The management of CUA includes pain control, wound care, discontinuation of calcium-based binders, normalization of phosphate, and Para thyroidectomy. Other therapies have included sodium thiosulfate and hyperbaric oxygen administration [24]. The prognosis is often poor with a mortality rate of 60-80%, often from sepsis [7].

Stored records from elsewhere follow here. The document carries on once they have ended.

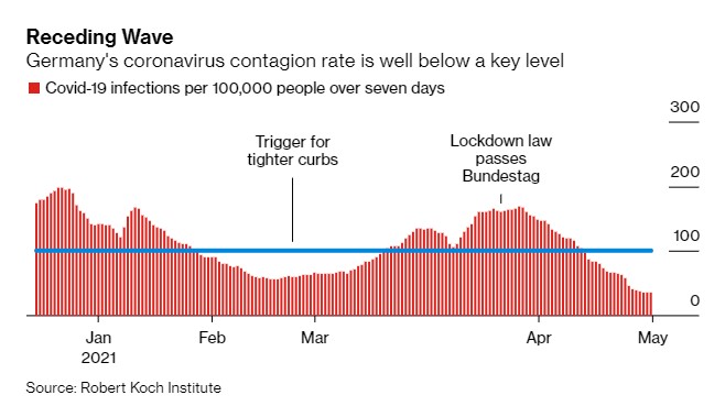 Την άρση της ισχύος του ομοσπονδιακού «φρένου έκτακτης ανάγκης» σε περίπτωση αύξησης των κρουσμάτων του κορωνοϊού προανήγγειλε για τις 30 Ιουνίου η Καγκελάριος 'Αγγελα Μέρκελ, εφόσον συνεχιστεί η πτωτική τάση των αριθμών. «Αν οι αριθμοί συνεχίσουν να πέφτουν, μπορούμε να έχουμε ένα πραγματικά καλό καλοκαίρι», δήλωσε ο υπουργός Υγείας Γενς Σπαν.
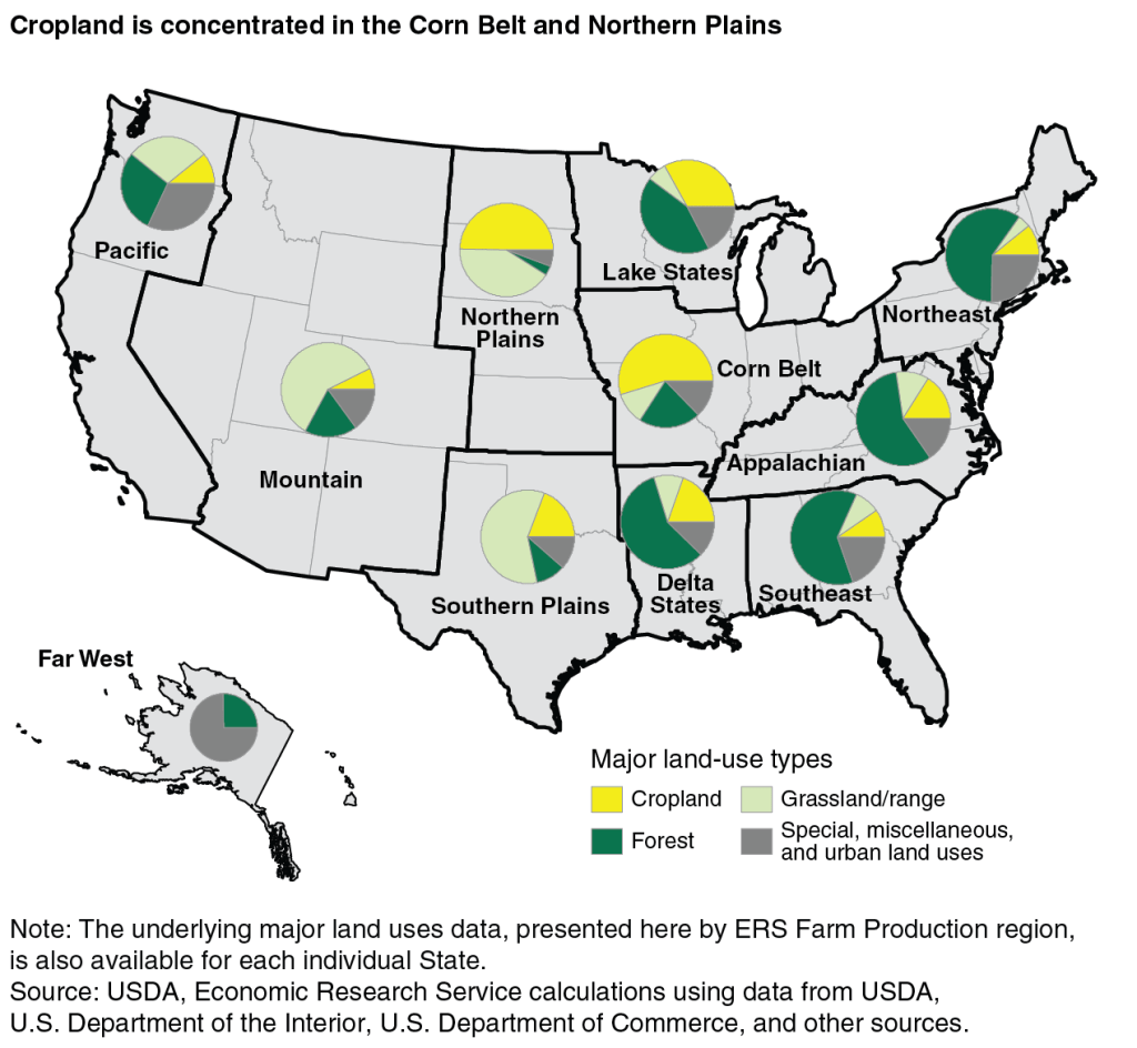 I personally believe that SmartFlower is a perfect solution when it comes to using agricultural plots for both food and electricity production in United States of America. We normally refer to such solution as agrivoltaics. As per the United States Department of Agriculture (USDA), a lions share of geographical area in Northern and Southern plains in USA is comprised of cropland and grassland. Similarly, mountain region in USA is mostly comprised of grassland and cropland as well. Lake states, Corn belt, Delta states and Pacific region also uses almost one-third of their geographical area as cropland and grassland. Altogether, the already spoken areas in USA represents more than half of the geographical area in the country. Fortunately, we can use these areas to install SmartFlower in order to produce both solar PV based clean electricity and food for households in the country. Thus, the farmers in USA can maximize their revenue through the sale of clean electricity as well as food in the market. The map given below is an intellectual property of US Department of Agriculture (USDA) and is shared here for awareness creation purpose only.
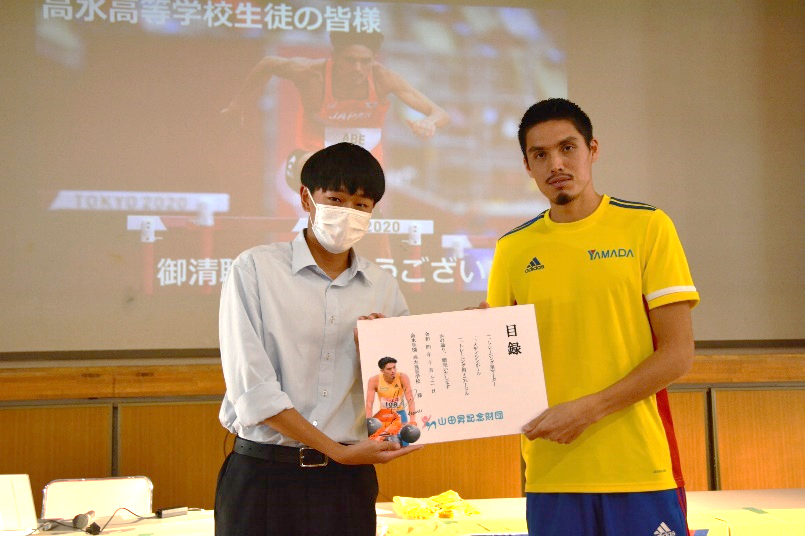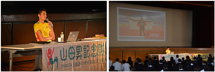 講演会では、自身の高校から大学時代の活躍、その後の低迷期、そしてオリンピック出場までの経験を通じた喜びや挫折、スランプからの抜け出し方の他、夢・目標を叶える為の信念などを語りました。
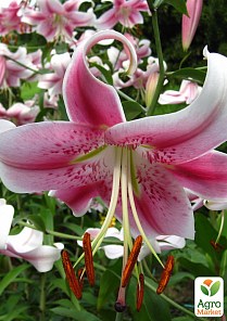 Лілія Тигрова звисаюча "Anastasia" - це ніжність і грація в саду. Високі стебла утримують великі рожево-перламутрові суцвіття з яскравими прожилками. Пелюстки лілій пинк сильно відігнуті назад, а самі квітки пониклі, що додає їм чарівності. Здається, ніби це лілейне дерево, а не кущ, який виріс з однієї цибулини. Ідеальна для зрізу, морозостійка, ефектна, невибаглива, лілія Анастасія - давня улюблениця флористів і ландшафтних дизайнерів.
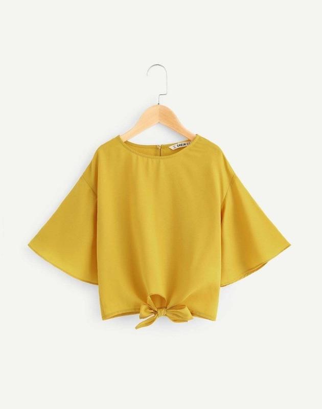 Желтая шифоговая блуза с укороченным рукавом клёш shein #477
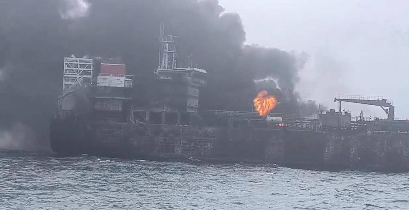 Oljetankern står fortfarande i lågor och brittiska myndigheter oroar sig för ett stort utsläpp.
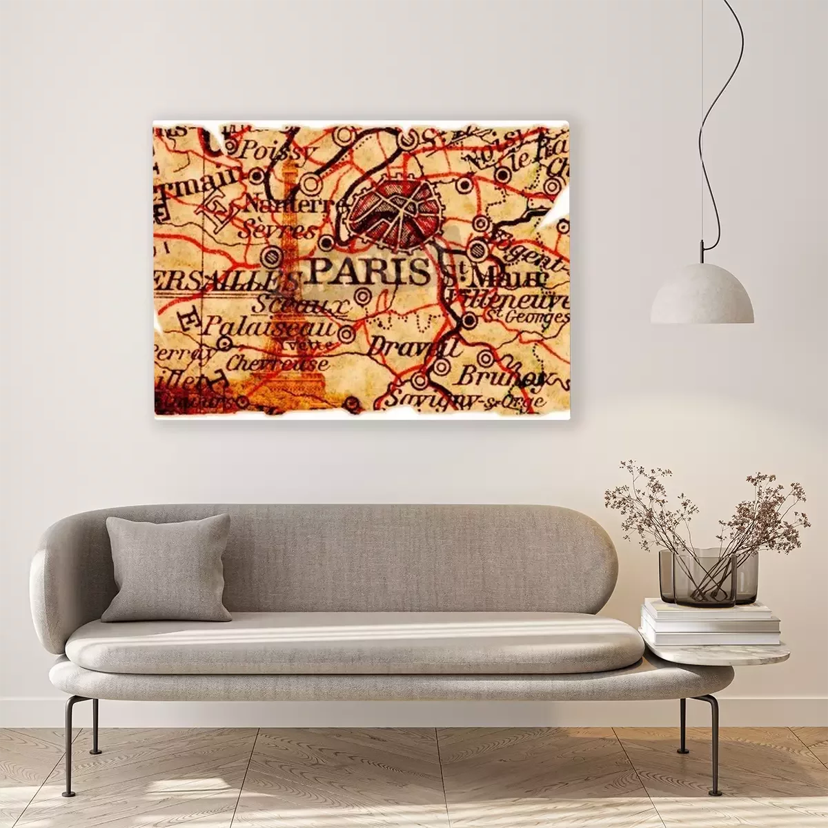 Canvas Paris on an old torn map with the eiffel tower, isolated. Part of the old map series.

Warfarin as a consequence of its low cost, specific antidote and wellknown side effects is likely the most frequently prescribed anticoagulation despite recently introduced NOACs. Warfarin-induced skin necrosis is one of the most severe and rare complications with a high rate of morbidity and mortality. Patients with underlying partial protein C deficiency could be asymptomatic, but hold a higher risk of skin necrosis following treatment with warfarin. Therefore, adequate bridge therapy and prompt diagnosis based primarily on clinical judgment with the support of histological evidence are crucial for prognosis.